Enfin, en y réfléchissant, tu peux éventuellement t'en sortir avec la solution IOMEGA (enfin, il faut trouver le matériel, c'est toujours pareil...).


----------



## melaure (8 Décembre 2008)

Tu peux aussi acheter un autre lecteur de disquette.

Regarde ici (lecteur neuf). Ils ont aussi une carte ethernet mais d'occasion.


----------



## oflorent (8 Décembre 2008)

Oui, mais autre lecteur de disquette = démontage.....


----------



## melaure (8 Décembre 2008)

oflorent a dit:


> Oui, mais autre lecteur de disquette = démontage.....



oui enfin ce n'est que la baie du DD à démonter ...


----------



## Pascal 77 (8 Décembre 2008)

oflorent a dit:


> Oui, mais autre lecteur de disquette = démontage.....



Il n'y a pas à ouvrir la machine pour sortir le lecteur de disquette qui est monté dans une baie extractible (par un levier situé sous la machine) !


----------



## alain830668 (10 Décembre 2008)

bonjour, je remercie oflorent, melaure et Pascal 77 pour les conseils prodigués et info données.
en fait j'oeuvre pour mon beau-père (86ans) à qui j'ai offert mon powerbook afin qu'il s'initie à l'informatique. mes objectifs sont d'abord de récupérer les fichiers sur le disque durs (autrement que par l'imprimante) et les transférer sur une autre machine. D'autre part rendre si possible ce Mac opérationnel sans dépenser trop d'argent.
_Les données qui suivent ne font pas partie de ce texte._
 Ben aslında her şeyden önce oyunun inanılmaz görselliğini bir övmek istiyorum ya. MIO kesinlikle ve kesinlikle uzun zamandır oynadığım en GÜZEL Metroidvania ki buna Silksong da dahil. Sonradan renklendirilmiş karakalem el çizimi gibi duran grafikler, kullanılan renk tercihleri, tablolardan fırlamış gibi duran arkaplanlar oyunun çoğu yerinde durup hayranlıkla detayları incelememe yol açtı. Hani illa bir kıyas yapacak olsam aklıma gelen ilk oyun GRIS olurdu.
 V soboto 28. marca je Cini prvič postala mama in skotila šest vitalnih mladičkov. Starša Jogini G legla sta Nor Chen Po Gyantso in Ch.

Je suis nul en matière de Mac.
je vais essayer de contacter un magasin dont je viens de trouver l'adresse à Paris bd Richard Lenoir, pour savoir s'il a encore en vente des lecteurs de ce type.
Encore merci beaucoup.


----------



## r e m y (10 Décembre 2008)

Si c'est pour transférer sur un autre Mac, le support Disquette n'eest certainement pas la bonne solution (les Macs n'ayant plus de lecteur de disquette depuis prêt de 10 ans maintenant!!!)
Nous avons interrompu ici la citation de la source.